Medicare reimbursement rates for in-person care take into account the costs for patient gowns, cleaning, disinfectants, and other supply expenses, Verma explained. Telehealth services do not have these costs.

However, new processes and workflows created to facilitate telehealth visits do have associated costs. These costs would need to be examined in order for CMS to reimburse providers appropriately for permanent Medicare telehealth expansions, the health official elaborated in the blog post.

Other areas CMS would need to examine to make Medicare telehealth expansions permanent included patient safety and clinical appropriateness, as well as healthcare fraud and Medicare program integrity.

“We are monitoring program integrity implications such as practitioners who may be offering shorter telehealth visits with patients to maximize payment, or billing more visits than are possible in a day,” Verma wrote. “We know the path forward to expanding telehealth relies on CMS addressing the potential for fraud and abuse in telehealth, as we do with all services.”

Telehealth has been central to COVID-19 response strategies. Through telehealth and telephonic care, providers have been able to keep seeing patients without exposing them or their staff to the highly contagious novel coronavirus.

Virtual care has also been key to ensuring patient and provider safety within the hospital. With the use of smartphones, tablets, and other mobile technology, hospitals have been able to minimize contact with infected patients while still putting providers and family at patient bedsides.

Temporary payment flexibilities enabled providers to leverage telehealth services seemingly with a flip of a switch.

Early on during the pandemic, Medicare implemented a wide range of payment flexibilities to activate greater telehealth utilization. The flexibilities included temporarily expanding the scope of Medicare telehealth to allow more beneficiaries to benefit from virtual care services and the scope of providers eligible to bill for telehealth services.
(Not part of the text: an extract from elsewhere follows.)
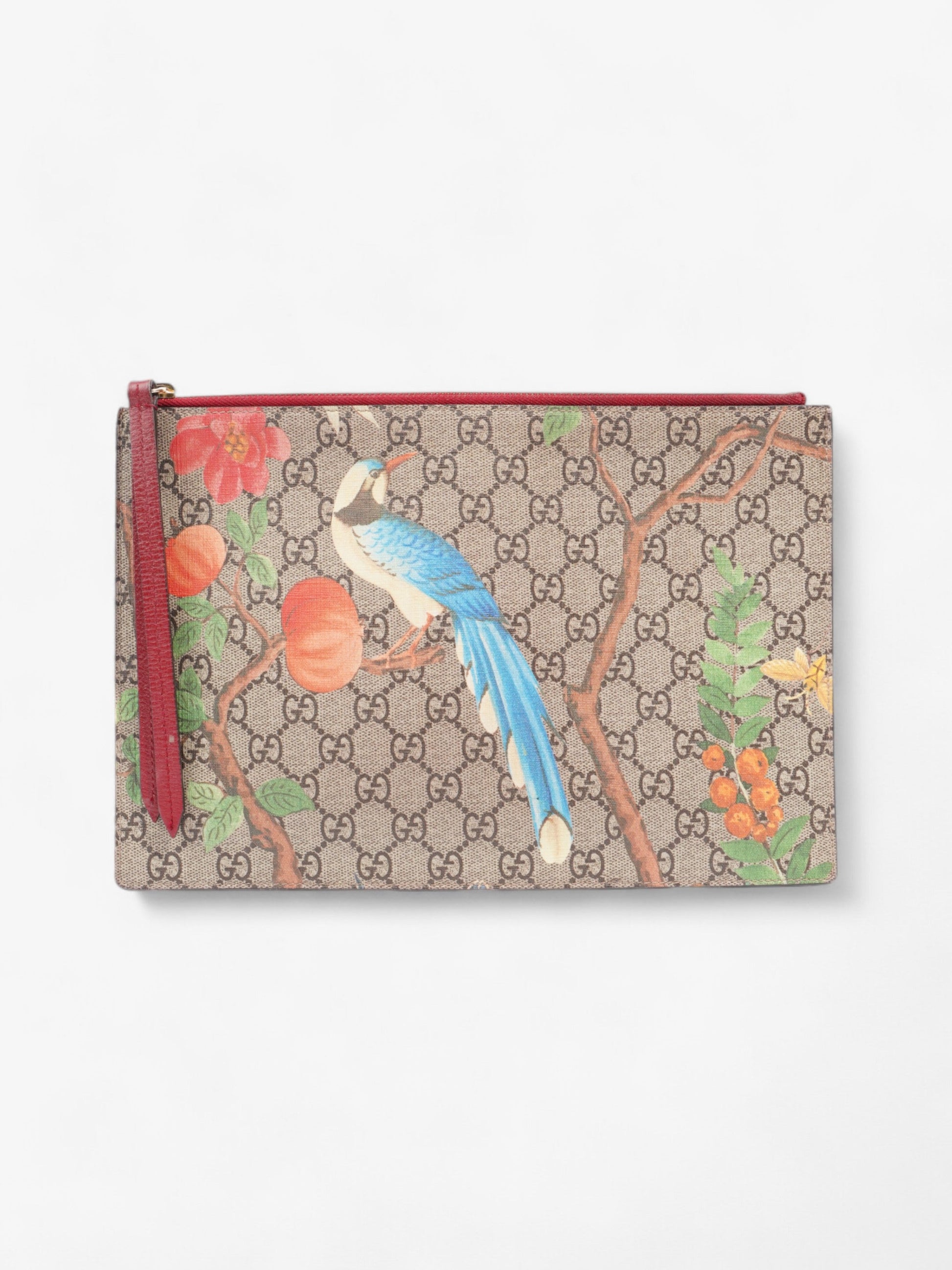 Gucci Floral Bird Clutch Supreme Coated Canvas

CMS also added 135 allowable services, more than doubling the number of services that providers could bill via telehealth. The services included telephonic care for beneficiaries with limited access to video capabilities.

Telehealth utilization among Medicare beneficiaries surged during the pandemic, Verma reported in the blog post. Over 9 million beneficiaries received a telehealth service during the public health emergency between mid-March through mid-June, according to Medicare fee-for-service claims data.

That number could grow, Verma warned, since providers have 12 months after they furnish a service to submit claims to CMS.

Telehealth utilization has similarly skyrocketed among the privately insured as private payers implemented similar telehealth expansions.

A recent analysis by FAIR Health found that telehealth claim lines increased by 8,336 percent between April 2019 to April 2020, and the presence of telehealth claim lines nearly doubled the 4,347 percent increase observed from March 2019 to March 2020. The analysis represented the privately insured population and excluded Medicare and Medicaid claims.

In light of such significant uptake of telehealth services, CMS will consider making some temporary Medicare telehealth expansions permanent to foster innovation while also ensuring “goal standard, in-person care.”

“During these unprecedented times, telemedicine has proven to be a lifeline for health care providers and patients,” Verma concluded. “The rapid adoption of telemedicine among providers and patients has shown that telehealth is here to stay. CMS remains committed to ensuring that the government supports innovation in telehealth that leverages modern technology to enhance patient experience, providing more accessible care.”